§ **WHAT TO PRODUCE**
Repeat the listing verbatim. Drop any pictures.

§ **INPUT DATA**
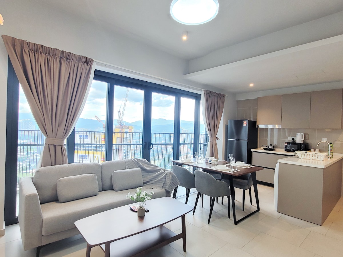 Boravite u elegantnom domu inspirisanom galerijom, sa 2 spavaće sobe i 2 kupatila, u rezidenciji Royce, KLCC. Prozori od poda do plafona uokviruju horizont i razglednicu sa pogledom na kule bliznakinje Petronas; izađite na privatni balkon za uživanje u zalasku sunca. Uključuje kompletnu kuhinju i mašinu za pranje i sušenje veša, udobne krevete, brz Wi-Fi i radni prostor. Napravljen za porodice, parove ili duže boravke. Ne zaboravite da isprobate bazen sa pogledom na grad i teretanu. Odlična lokacija u blizini popularnih mesta u Kuala Lumpuru. Upravlja La Gente – čista, dosljedna i brza podrška
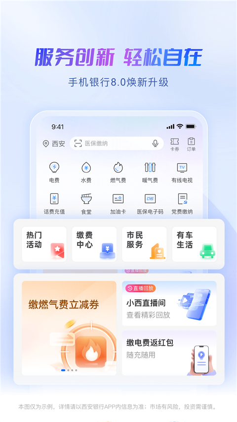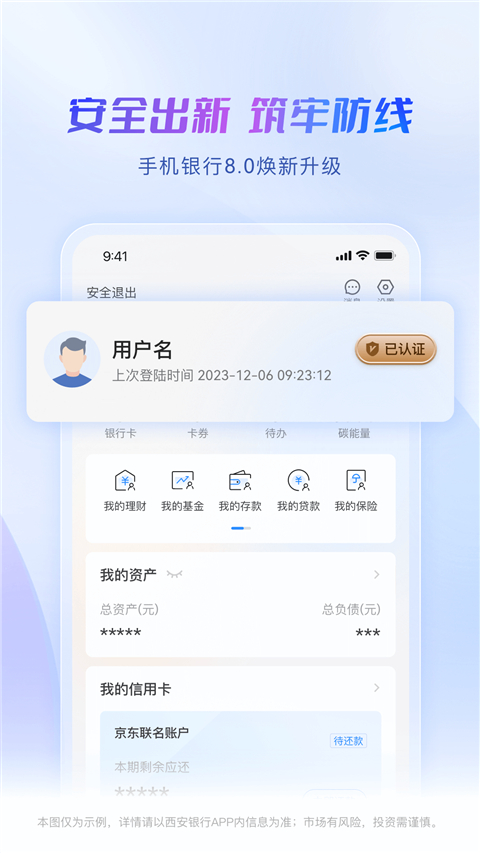 1、多重可靠的安全保障: 西安银行手机银行采用多种安全保护措施来确保您的账户资金安全。包括数据传输加密、超时自动退出、动态密码校验、限额控制等。 2、专业丰富的金融服务: 西安银行手机银行涵盖了日常营业网点提供的基本金融服务,包括账户管理、智能转账、储蓄理财、投资理财、生活缴费等功能,让您轻松掌握账户资金动态,随时随地进行财富管理。 3、丰富多彩的营销活动: 随着西安银行手机银行的推广,西安银行也将适时推出各类丰富多彩、奖励丰厚的活动,敬请关注移动银行公告或西安银行官方网站。常见问题
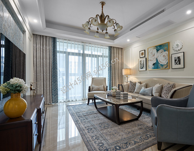 龙湖·瑶海天街美式风格143平米四居室设计案例风效果图

§ **REPLY**
 Boravite u elegantnom domu inspirisanom galerijom, sa 2 spavaće sobe i 2 kupatila, u rezidenciji Royce, KLCC. Prozori od poda do plafona uokviruju horizont i razglednicu sa pogledom na kule bliznakinje Petronas; izađite na privatni balkon za uživanje u zalasku sunca. Uključuje kompletnu kuhinju i mašinu za pranje i sušenje veša, udobne krevete, brz Wi-Fi i radni prostor. Napravljen za porodice, parove ili duže boravke. Ne zaboravite da isprobate bazen sa pogledom na grad i teretanu. Odlična lokacija u blizini popularnih mesta u Kuala Lumpuru. Upravlja La Gente – čista, dosljedna i brza podrška
 1、多重可靠的安全保障: 西安银行手机银行采用多种安全保护措施来确保您的账户资金安全。包括数据传输加密、超时自动退出、动态密码校验、限额控制等。 2、专业丰富的金融服务: 西安银行手机银行涵盖了日常营业网点提供的基本金融服务,包括账户管理、智能转账、储蓄理财、投资理财、生活缴费等功能,让您轻松掌握账户资金动态,随时随地进行财富管理。 3、丰富多彩的营销活动: 随着西安银行手机银行的推广,西安银行也将适时推出各类丰富多彩、奖励丰厚的活动,敬请关注移动银行公告或西安银行官方网站。常见问题
 龙湖·瑶海天街美式风格143平米四居室设计案例风效果图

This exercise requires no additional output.